His major achievement consists of a collection of literary biographies, which were printed in Stuttgart and Heidelberg in five volumes: German Philosophers (including philologists, poets, mathematicians and physicists), German Theologians, Foreign Theologians, Jurists and Politicians and Medics.
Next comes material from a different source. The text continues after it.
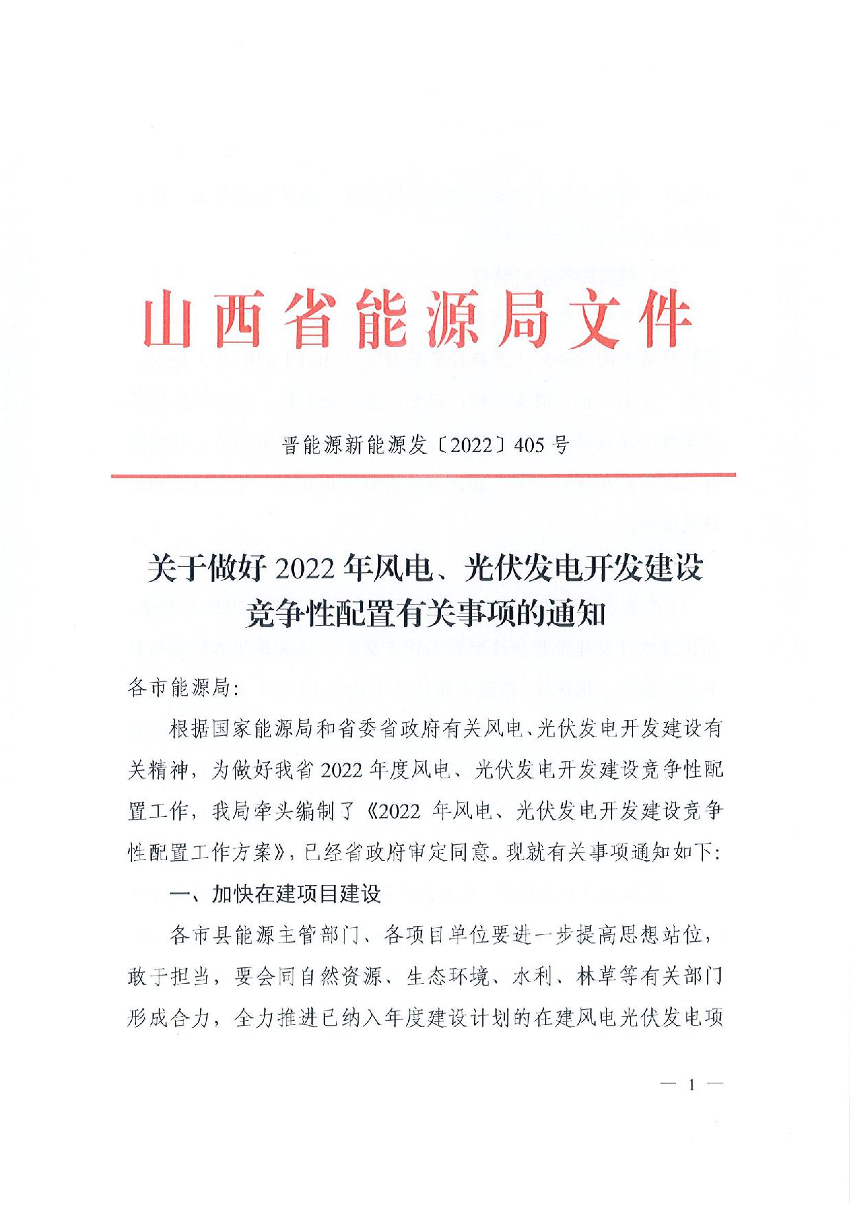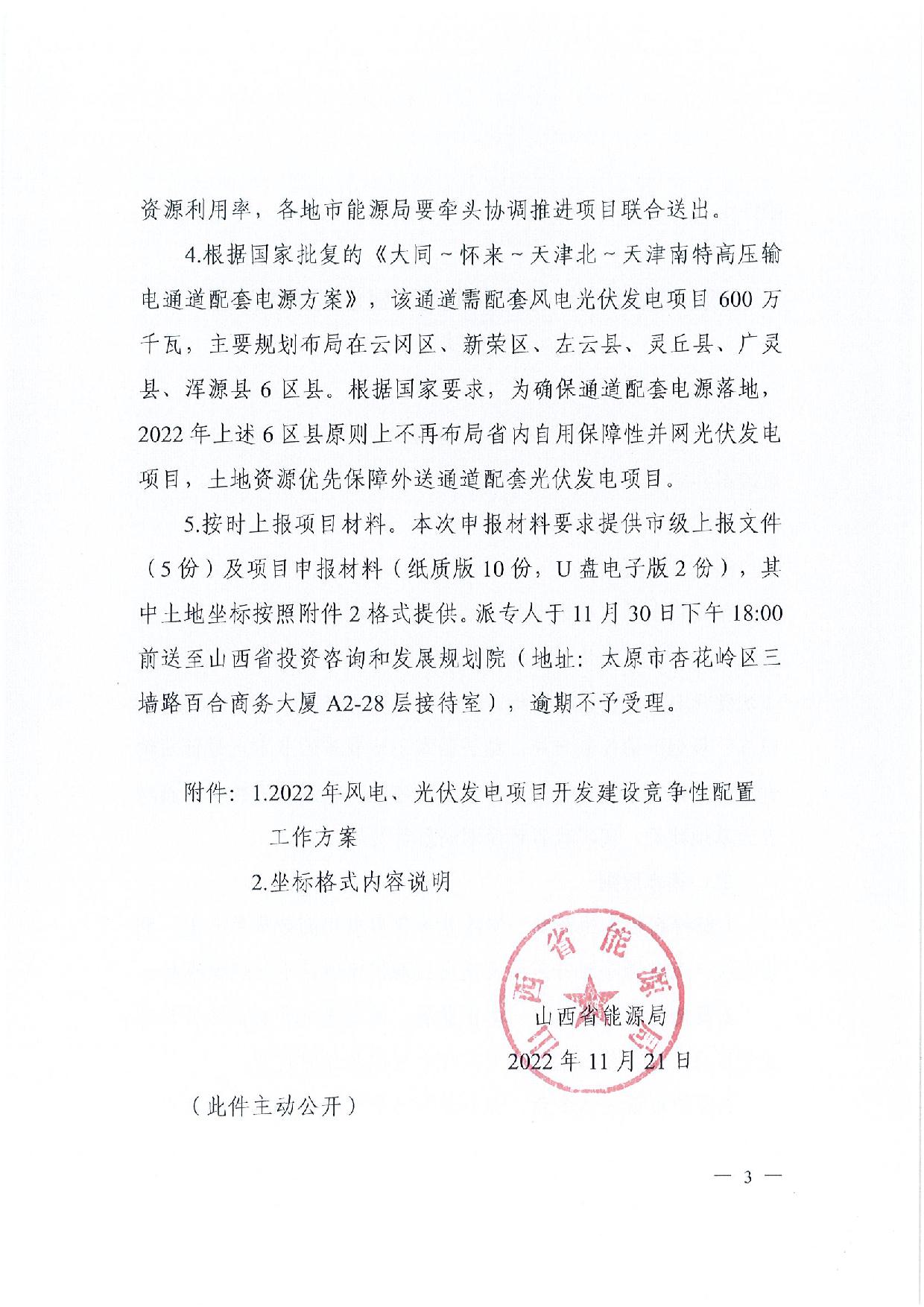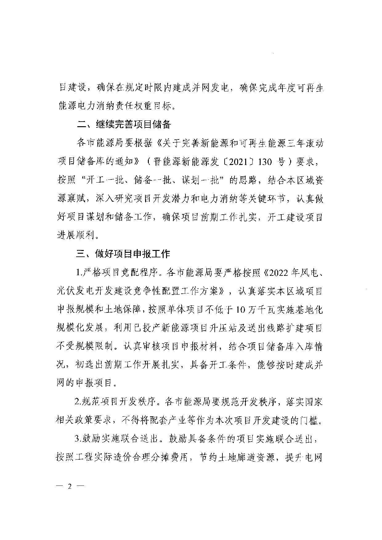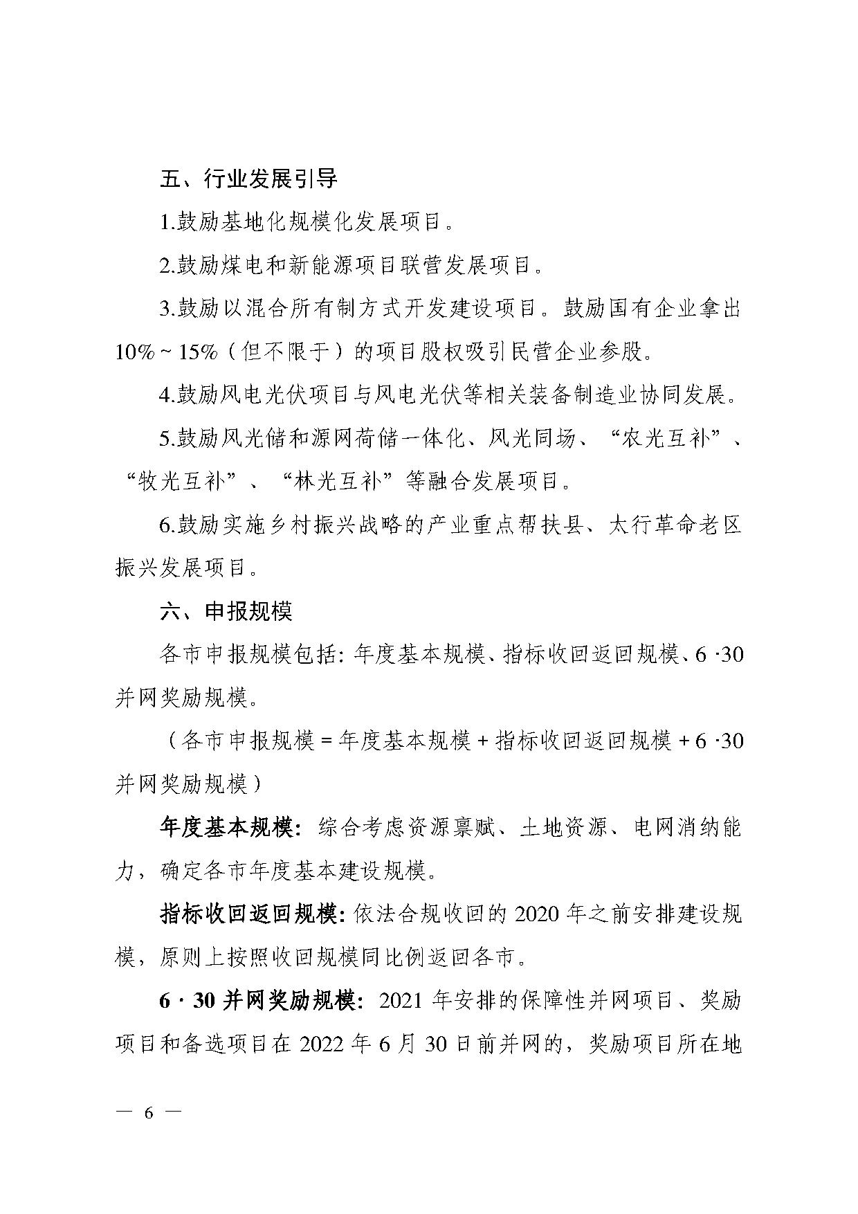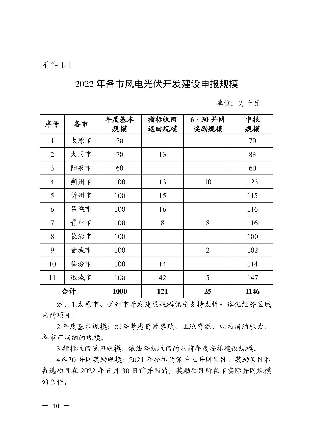 11月(yue)21日(ri),山西省能(neng)源局印(yin)發《關(guan)于做好2022年風(feng)電、光(guang)(guang)伏(fu)發電(dian)開發建(jian)設競爭先配置有(you)關事項的通知》,通知提(ti)到,為確(que)保完(wan)成省十二次黨代會確(que)定目(mu)(mu)標任(ren)務,結合風電(dian)、光(guang)(guang)伏(fu)發電(dian)項目(mu)(mu)儲備工作,綜合考慮全省全社會用電(dian)量、外送電(dian)量、電(dian)網(wang)消納能(neng)力、可再生能(neng)源消納責任(ren)權(quan)重目(mu)(mu)標等因(yin)素,安(an)排風電(dian)、 光(guang)(guang)伏(fu)保障(zhang)性并(bing)網(wang)年度規模(mo) 1000 萬(wan)千瓦,獎勵(li)規模(mo) 146 萬(wan)千瓦。 各(ge)(ge)(ge)市(shi)申報規(gui)(gui)(gui)(gui)(gui)模(mo)(mo)(mo)(mo)包括:年(nian)度(du)基本(ben)(ben)(ben)規(gui)(gui)(gui)(gui)(gui)模(mo)(mo)(mo)(mo)、指(zhi)標(biao)收(shou)(shou)(shou)回(hui)返(fan)回(hui)規(gui)(gui)(gui)(gui)(gui)模(mo)(mo)(mo)(mo)、6·30 并網獎(jiang)勵(li)(li)(li)規(gui)(gui)(gui)(gui)(gui)模(mo)(mo)(mo)(mo)。 (各(ge)(ge)(ge)市(shi)申報規(gui)(gui)(gui)(gui)(gui)模(mo)(mo)(mo)(mo)=年(nian)度(du)基本(ben)(ben)(ben)規(gui)(gui)(gui)(gui)(gui)模(mo)(mo)(mo)(mo)+指(zhi)標(biao)收(shou)(shou)(shou)回(hui)返(fan)回(hui)規(gui)(gui)(gui)(gui)(gui)模(mo)(mo)(mo)(mo)+6·30 并網獎(jiang)勵(li)(li)(li)規(gui)(gui)(gui)(gui)(gui)模(mo)(mo)(mo)(mo)) 年(nian)度(du)基本(ben)(ben)(ben)規(gui)(gui)(gui)(gui)(gui)模(mo)(mo)(mo)(mo):綜合(he)考慮資源(yuan)稟賦、土地資源(yuan)、電網消納能 力(li),確定(ding)各(ge)(ge)(ge)市(shi)年(nian)度(du)基本(ben)(ben)(ben)建(jian)(jian)(jian)設(she)規(gui)(gui)(gui)(gui)(gui)模(mo)(mo)(mo)(mo)。 指(zhi)標(biao)收(shou)(shou)(shou)回(hui)返(fan)回(hui)規(gui)(gui)(gui)(gui)(gui)模(mo)(mo)(mo)(mo):依(yi)法合(he)規(gui)(gui)(gui)(gui)(gui)收(shou)(shou)(shou)回(hui)的(de)(de) 2020 年(nian)之前安排(pai)(pai)建(jian)(jian)(jian)設(she)規(gui)(gui)(gui)(gui)(gui) 模(mo)(mo)(mo)(mo),原則上按照(zhao)收(shou)(shou)(shou)回(hui)規(gui)(gui)(gui)(gui)(gui)模(mo)(mo)(mo)(mo)同比例返(fan)回(hui)各(ge)(ge)(ge)市(shi)。 6·30 并網獎(jiang)勵(li)(li)(li)規(gui)(gui)(gui)(gui)(gui)模(mo)(mo)(mo)(mo):2021 年(nian)安排(pai)(pai)的(de)(de)保障性(xing)并網項目、獎(jiang)勵(li)(li)(li) 項目和(he)備選(xuan)項目在 2022 年(nian) 6 月(yue) 30 日前并網的(de)(de),獎(jiang)勵(li)(li)(li)項目所在地市(shi)一定(ding)規(gui)(gui)(gui)(gui)(gui)模(mo)(mo)(mo)(mo)建(jian)(jian)(jian)設(she)計劃,原則上該(gai)規(gui)(gui)(gui)(gui)(gui)模(mo)(mo)(mo)(mo)用于鼓勵(li)(li)(li)項目前期工(gong)作扎實, 建(jian)(jian)(jian)設(she)進度(du)快的(de)(de)企(qi)業集團。 年(nian)度(du)基本(ben)(ben)(ben)規(gui)(gui)(gui)(gui)(gui)模(mo)(mo)(mo)(mo)通(tong)過競(jing)爭(zheng)性(xing)配置確定(ding)項目;指(zhi)標(biao)收(shou)(shou)(shou)回(hui)返(fan)回(hui)規(gui)(gui)(gui)(gui)(gui)模(mo)(mo)(mo)(mo)、 6·30 并網獎(jiang)勵(li)(li)(li)規(gui)(gui)(gui)(gui)(gui)模(mo)(mo)(mo)(mo)由各(ge)(ge)(ge)市(shi)能源(yuan)局(ju)自行確定(ding)建(jian)(jian)(jian)設(she)主體同步上報。 2022 年(nian)各市(shi)風電光伏開發建設申報規模 原(yuan)文(wen)見下:

The figures discussed were arranged chronologically by their date of death, most of which lie between 1420 and 1620. His sources were biographical texts, personal records, funeral orations, letters and various academic records.

His 1615 Vitae Germanorum philosophorum (Lives of German philosophers) contains one of the earliest biographies of Nicolaus Copernicus.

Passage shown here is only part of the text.